### Collected data:
☆ ☆ ☆

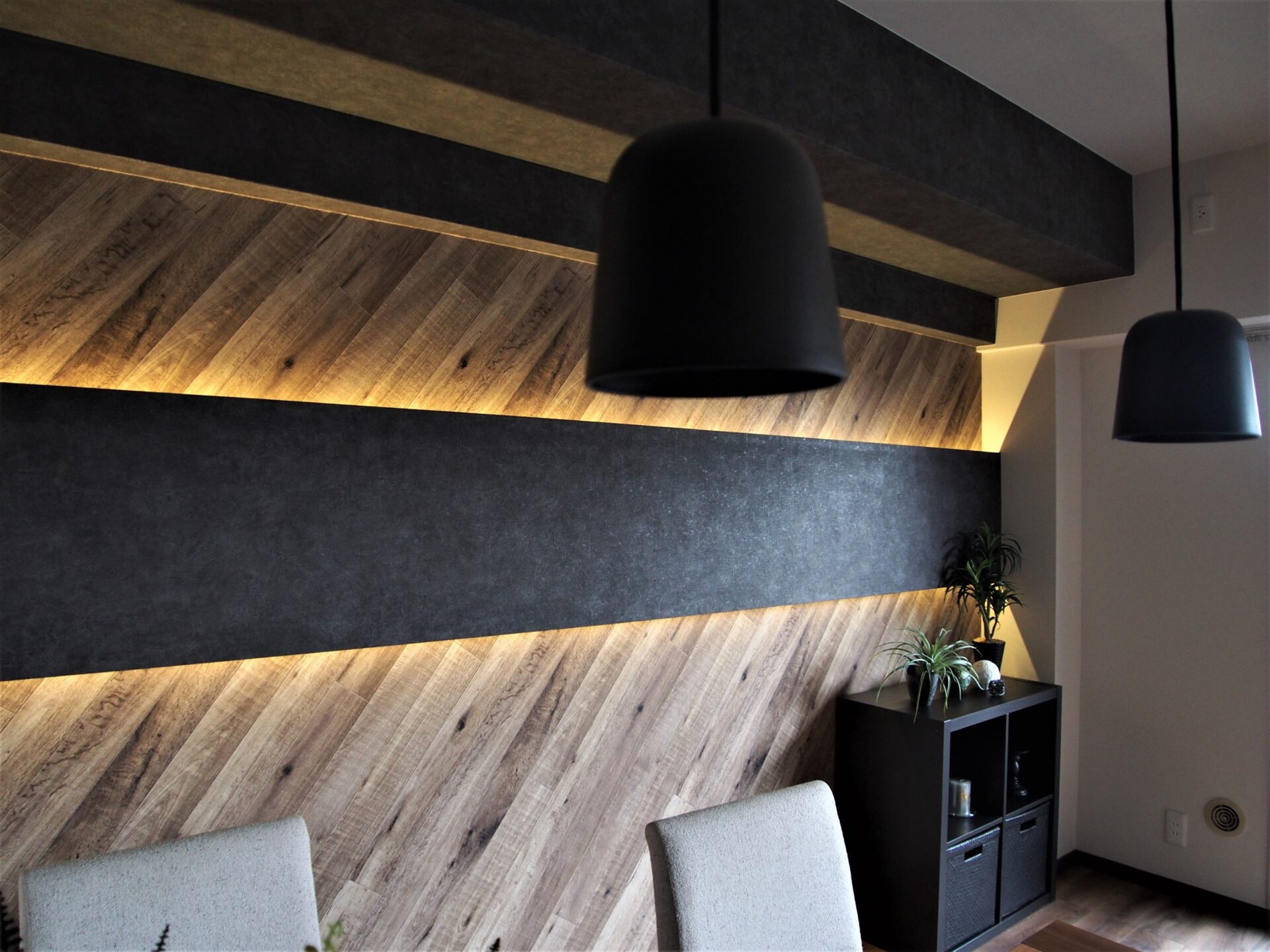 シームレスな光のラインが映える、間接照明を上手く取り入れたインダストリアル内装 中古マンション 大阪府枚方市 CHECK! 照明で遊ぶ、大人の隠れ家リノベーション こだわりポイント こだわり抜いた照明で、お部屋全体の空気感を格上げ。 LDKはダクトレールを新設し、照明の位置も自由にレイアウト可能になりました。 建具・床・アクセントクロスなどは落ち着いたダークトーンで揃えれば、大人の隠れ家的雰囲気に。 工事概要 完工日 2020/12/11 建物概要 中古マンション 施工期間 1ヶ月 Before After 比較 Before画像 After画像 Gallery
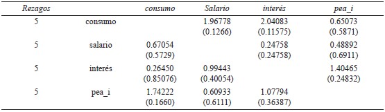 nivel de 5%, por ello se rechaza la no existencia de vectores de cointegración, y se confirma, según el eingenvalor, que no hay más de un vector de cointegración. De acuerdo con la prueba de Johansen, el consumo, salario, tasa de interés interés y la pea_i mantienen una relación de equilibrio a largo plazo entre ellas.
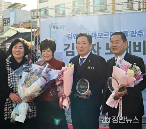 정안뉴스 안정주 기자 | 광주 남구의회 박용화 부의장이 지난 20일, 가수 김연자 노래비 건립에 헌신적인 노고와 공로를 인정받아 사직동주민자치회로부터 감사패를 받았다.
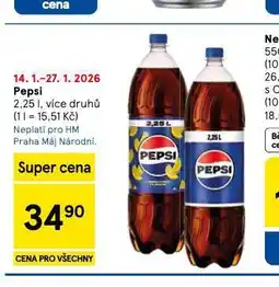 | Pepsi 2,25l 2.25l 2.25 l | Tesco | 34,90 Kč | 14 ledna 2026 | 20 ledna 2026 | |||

☆ ☆ ☆

### Exercise description:
Please print the entire listing again exactly, minus its images.

### Result for this exercise:
 シームレスな光のラインが映える、間接照明を上手く取り入れたインダストリアル内装 中古マンション 大阪府枚方市 CHECK! 照明で遊ぶ、大人の隠れ家リノベーション こだわりポイント こだわり抜いた照明で、お部屋全体の空気感を格上げ。 LDKはダクトレールを新設し、照明の位置も自由にレイアウト可能になりました。 建具・床・アクセントクロスなどは落ち着いたダークトーンで揃えれば、大人の隠れ家的雰囲気に。 工事概要 完工日 2020/12/11 建物概要 中古マンション 施工期間 1ヶ月 Before After 比較 Before画像 After画像 Gallery
 nivel de 5%, por ello se rechaza la no existencia de vectores de cointegración, y se confirma, según el eingenvalor, que no hay más de un vector de cointegración. De acuerdo con la prueba de Johansen, el consumo, salario, tasa de interés interés y la pea_i mantienen una relación de equilibrio a largo plazo entre ellas.
 정안뉴스 안정주 기자 | 광주 남구의회 박용화 부의장이 지난 20일, 가수 김연자 노래비 건립에 헌신적인 노고와 공로를 인정받아 사직동주민자치회로부터 감사패를 받았다.
 | Pepsi 2,25l 2.25l 2.25 l | Tesco | 34,90 Kč | 14 ledna 2026 | 20 ledna 2026 | |||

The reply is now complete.